Due to missing data, n for unadjusted models ranges from 13,339 to 13,863.
Adjusted for all listed variables; n = 13,038
Among the subset of respondents not up-to-date with colonoscopy (within the preceding 10 years). Due to missing data, n for unadjusted models ranges from 5,539 to 5,801.
Among the subset of respondents not up-to-date with colonoscopy (within the preceding 10 years) and adjusted for all listed variables; n = 5,387
Includes respondents who were divorced, separated, never married, or a partner of an unmarried couple
Includes respondents with masters, doctoral or advanced professional degrees
Includes respondents employed for wages and self employed
Includes students, homemakers, and respondents unable to work, or out of work
Body Mass Index is calculated as weight in kilograms/(height in meters)2
Health care coverage includes health insurance, prepaid plans such as HMOs, or government plans such as Medicare or Medical Assistance
Family history of CRC is defined as a reported history of a diagnosis of colon cancer in a first degree relative (parent, sibling or child)

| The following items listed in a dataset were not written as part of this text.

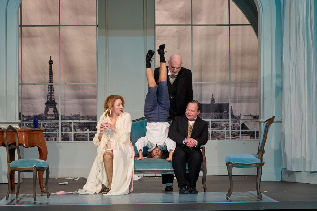 Emeline Bayart est impayable dans le rôle délirant de cette mère de famille sans foi ni loi, qui surgit telle une tornade rousse, la poitrine en avant et les rubans de sa robe de chambre qui volent autour d’elle, oiseau de mauvaise augure qui perturbe le prélude au déjeuner de Monsieur. Au centre de la pièce est posé le fameux sceau d’eaux usées, qui augurera tout à l’heure du pot de chambre en porcelaine incassable et de la constipation problématique de Toto qui a 7 ans et qu’il faut tant bien que mal purger ! Dans cette pièce que Feydeau écrivit après s’être séparé de sa femme, l’heure est au règlement de compte dans le couple, et le pot de porcelaine, jeté à toute force contre un mur, se brisera avec autant de violence que se morcèlent les relations conjugales, minées par la soudaine révolte des femmes, bien décidées à reprendre le dessus dans leur foyer que leur mari a souvent déserté. Entre le 19° et le 20° siècle, les moeurs se libèrent, l’éducation des enfants se généralise et la société bourgeoise explose d’adultères et de désirs qui se libèrent.
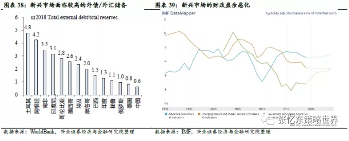 第四,新兴市场外债规模相比于其外汇储备较大。截至2018年,根据世界银行数据,土耳其、阿根廷、南非的外债/外汇储备分别为4.8、4.2和3.5。由于外汇储备不足,所以,我们看到南非已经出现了主权债务违约风险。
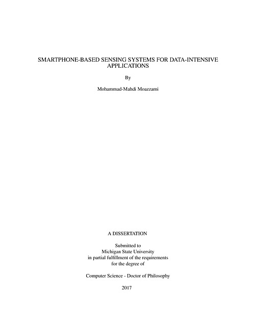 "Supported by advanced sensing capabilities, increasing computational resources and the advances in Artificial Intelligence, smartphones have become our virtual companions in our daily life. An average modern smartphone is capable of handling a wide range of tasks including navigation, advanced image processing, speech processing, cross app data processing and etc. The key facet that is common in all of these applications is the data intensive computation. In this dissertation we have taken steps towards the realization of the vision that makes the smartphone truly a platform for data intensive computations by proposing frameworks, applications and algorithmic solutions. We followed a data-driven approach to the system design. To this end, several challenges must be addressed before smartphones can be used as a system platform for data-intensive applications. The major challenge addressed in this dissertation include high power consumption, high computation cost in advance machine learning algorithms, lack of real-time functionalities, lack of embedded programming support, heterogeneity in the apps, communication interfaces and lack of customized data processing libraries. The contribution of this dissertation can be summarized as follows. We present the design, implementation and evaluation of the ORBIT framework, which represents the first system that combines the design requirements of a machine learning system and sensing system together at the same time. We ported for the first time off-the-shelf machine learning algorithms for real-time sensor data processing to smartphone devices. We highlighted how machine learning on smartphones comes with severe costs that need to be mitigated in order to make smartphones capable of real-time data-intensive processing. From application perspective we present SPOT. SPOT aims to address some of the challenges discovered in mobile-based smart-home systems. These challenges prevent us from achieving the promises of smart-homes due to heterogeneity in different aspects of smart devices and the underlining systems. We face the following major heterogeneities in building smart-homes:: (i) Diverse appliance control apps (ii) Communication interface, (iii) Programming abstraction. SPOT makes the heterogeneous characteristics of smart appliances transparent, and by that it minimizes the burden of home automation application developers and the efforts of users who would otherwise have to deal with appliance-specific apps and control interfaces. From algorithmic perspective we introduce two systems in the smartphone-based deep learning area: Deep-Crowd-Label and Deep-Partition. Deep neural models are both computationally and memory intensive, making them difficult to deploy on mobile applications with limited hardware resources. On the other hand, they are the most advanced machine learning algorithms suitable for real-time sensing applications used in the wild. Deep-Partition is an optimization-based partitioning meta-algorithm featuring a tiered architecture for smartphone and the back-end cloud. Deep-Partition provides a profile-based model partitioning allowing it to intelligently execute the Deep Learning algorithms among the tiers to minimize the smartphone power consumption by minimizing the deep models feed-forward latency. Deep-Crowd-Label is prototyped for semantically labeling user's location. It is a crowd-assisted algorithm that uses crowd-sourcing in both training and inference time. It builds deep convolutional neural models using crowd-sensed images to detect the context (label) of indoor locations. It features domain adaptation and model extension via transfer learning to efficiently build deep models for image labeling. The work presented in this dissertation covers three major facets of data-driven and compute-intensive smartphone-based systems: platforms, applications and algorithms; and helps to spurs new areas of research and opens up new directions in mobile computing research."--Pages ii-iii.

A similar analysis examining reported recommendations for FOBT in the past year was performed among respondents not up-to-date with colonoscopy (n=5,801). The proportions of whites and blacks who reported recommendations for FOBT were similar at each survey year, and in all years combined (Figure 2). These proportions declined over time for both races. For whites, the proportion reporting recommendations for FOBT decreased significantly, from 37% in 2002 to 24% in 2008 (p<0.001); for blacks, the proportion reporting recommendations for FOBT decreased from 36% in 2002 to 28% in 2008, a marginally significant decrease (p=0.05). The racial difference in reporting recommendations for FOBT was not significant at any survey (p>0.30 for each), or in all years combined (p=0.24, OR 0.90, 95% CI 0.75–1.10 for adjusted model). Significant predictors of reporting recommendations for FOBT in the past year included college education, obese BMI, health care coverage, and more recent routine check-up.
Discussion
In this large study of non-institutionalized Maryland residents age 50 years or older, blacks were significantly less likely than whites to report ever receiving provider recommendations for colonoscopy/sigmoidoscopy, but there was no significant racial difference in reporting recommendations for FOBT in the past year. Prior studies have differed in their results, with Klabunde, et al. (2006) finding whites more likely than blacks to report physician recommendations for both colonoscopy/sigmoidoscopy and FOBT, whereas other studies found no difference between black and white respondents in reporting counseling about CRC screening tests (Wee, et al., 2005; Burgess, et al., 2010; Shokar, et al., 2006).
Results from these studies and the current study may have differed due to the populations studied. Although Wee et al. (2005) used results from a nationally generalizable survey of US households, the other studies were performed in more selective populations (i.e., Medicare consumers in North and South Carolina (Klabunde, et al., 2006), patients from 24 VA medical facilities (Burgess, et al., 2010), and patients from a primary care clinic (Shokar, et al., 2006)). The racial disparity in recommendations for colonoscopy/sigmoidoscopy in the current study could also result from differences in health care access, which are recognized to contribute to health care disparities (Smedley, et al., 2003). However, health care access may not fully explain this disparity, as results adjusted for health care access variables (health care coverage and time since last check-up) were almost identical to unadjusted results. Differences in provider performance or patient behavior may also explain the observed racial disparity. For example, patients who visit providers mainly for acute illness are unlikely to have preventive care discussed. Thus, if this pattern is more common among blacks, a racial disparity in screening recommendations would result.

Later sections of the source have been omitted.